This track, produced as part of the mouse ENCODE Project, contains deep sequencing DNase data
that will be used to identify sites where regulatory factors bind to the genome
(footprints).
Footprinting is a technique used to define the DNA sequences that interact
with and bind DNA-binding proteins, such as transcription factors,
zinc-finger proteins, hormone-receptor complexes, and other
chromatin-modulating factors like CTCF. The technique depends upon the
strength and tight nature of protein-DNA interactions. In their native chromatin
state, DNA sequences that interact directly with DNA-binding proteins are
relatively protected from DNA degrading endonucleases, while the exposed/unbound
portions are readily degraded by such endonucleases. A massively parallel
next-generation sequencing technique to define the DNase hypersensitive sites
in the genome was adopted. The DNase samples were sequenced using next-generation
sequencing machines to significantly higher depths of 300-fold or greater. This produces
a base-pair level resolution of the DNase susceptibility maps of the native
chromatin state. These base-pair resolution maps represent and are dependent
upon the nature and the specificity of interaction of the DNA with the
regulatory/modulatory proteins binding at specific loci in the genome; thus
they represent the native chromatin state of the genome under investigation.
The deep sequencing approach has been used to define the footprint landscape of
the genome by identifying DNA motifs that interact with known or novel DNA
binding proteins.
Display Conventions and Configuration
This track is a multi-view composite track that contains multiple data types
(views). For each view, there are multiple subtracks that display
individually on the browser. Instructions for configuring multi-view tracks
are here.
For each cell type, this track contains the following views:
HotSpots
DNaseI hypersensitive zones identified using the HotSpot algorithm.
Peaks
DNaseI hypersensitive sites (DHSs) identified as signal peaks within
FDR 1.0% hypersensitive zones.
Signal
Per-base count of sequence reads whose 5' end (corresponding to a
DNaseI-induced DNA cut) coincides with the given position.
Raw Signal
The density of tags mapping within a 150 bp sliding window
(at a 20 bp step across the genome).
NOTE: The names of the signal views in this track are reversed from conventions used in
other ENCODE tracks, where the less processed signal is termed "Raw".
DNaseI sensitivity is shown as the absolute density of in vivo
cleavage sites across the genome mapped using the Digital DNaseI methodology
(see below).
Metadata for a particular subtrack can be found by clicking the down arrow in the list of subtracks.
Methods
Cells were grown according to the approved
ENCODE cell culture
protocols.
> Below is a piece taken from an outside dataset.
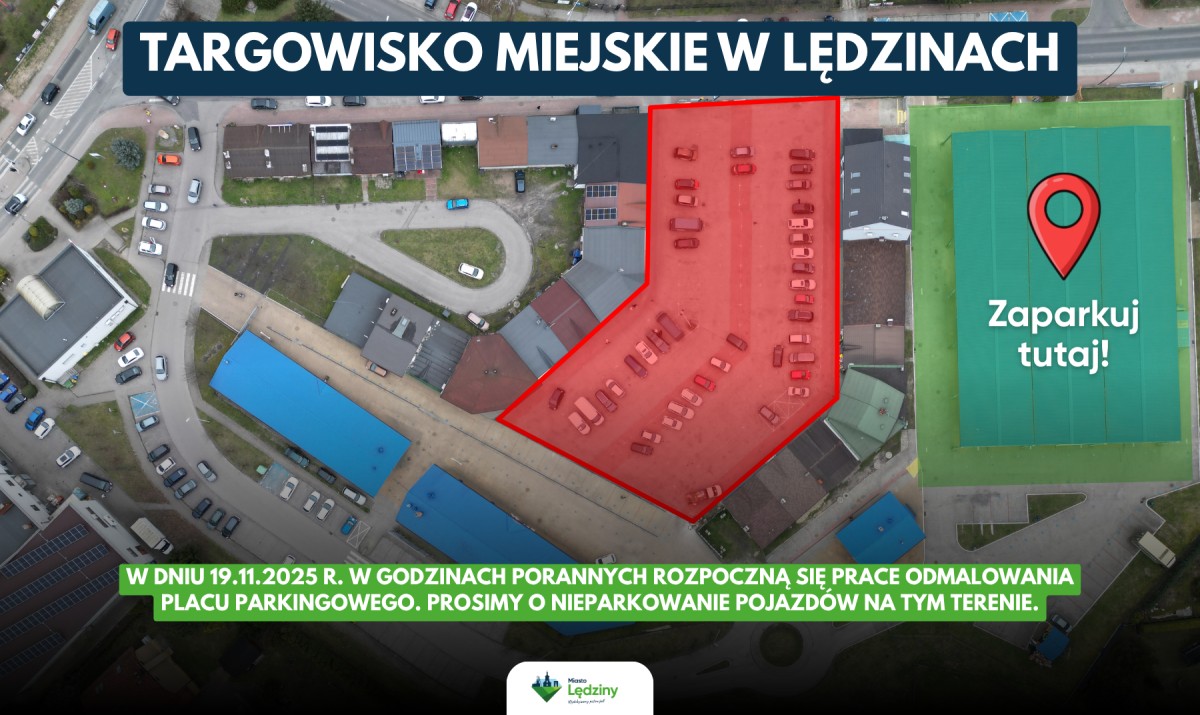 W dniu 19 listopada 2025 r., w godzinach porannych, rozpoczną się prace związane z odmalowaniem placu parkingowego pomiędzy budynkami 6Z a 8 na terenie Targowiska Miejskiego w Lędzinach.

Digital DNaseI was performed by DNaseI digestion of
intact nuclei, followed by isolating DNaseI "double-hit" fragments (Sabo et al., 2006),
and direct sequencing of fragment ends (which correspond to in vivo DNaseI cleavage
sites) using the Solexa platform (27 bp reads). High-quality reads were
mapped to the NCBI37/mm9 mouse genome using Bowtie 0.12.5;
only unique mappings were kept. DNaseI sensitivity is directly reflected
in raw tag density (Raw Signal), which is shown
in the track as density of tags mapping within a 150 bp sliding window
(at a 20 bp step across the genome). DNaseI hypersensitive zones
(HotSpots) were identified using the HotSpot algorithm (Sabo et al., 2004).
False discovery rate thresholds of 1.0% (FDR 0.01) were computed for each cell type by applying
the HotSpot algorithm to an equivalent number of random uniquely
mapping 36-mers. DNaseI hypersensitive sites (DHSs or Peaks)
were identified as signal peaks within 1.0% (FDR 0.01) hypersensitive zones
using a peak-finding algorithm. Only DNase Solexa libraries from unique
cell types producing the highest quality data, as defined by Percent
Tags in Hotspots (PTIH ~40%), were designated for deep sequencing to a depth
of over 200 million tags.
Verification
Results were validated by
conventional DNaseI hypersensitivity assays using end-labeling/Southern
blotting methods.
Release Notes
This is Release 1 (Aug 2012) of this track, which contains a total of 22 DNaseI
Digital Genomic Footprinting (DNaseI DGF) experiments.
Data users may freely use ENCODE data, but may not, without prior consent, submit publications that use an
unpublished ENCODE dataset until nine months following the release of the dataset. This date is listed in
the Restricted Until column, above.
The full data release policy for ENCODE is available here.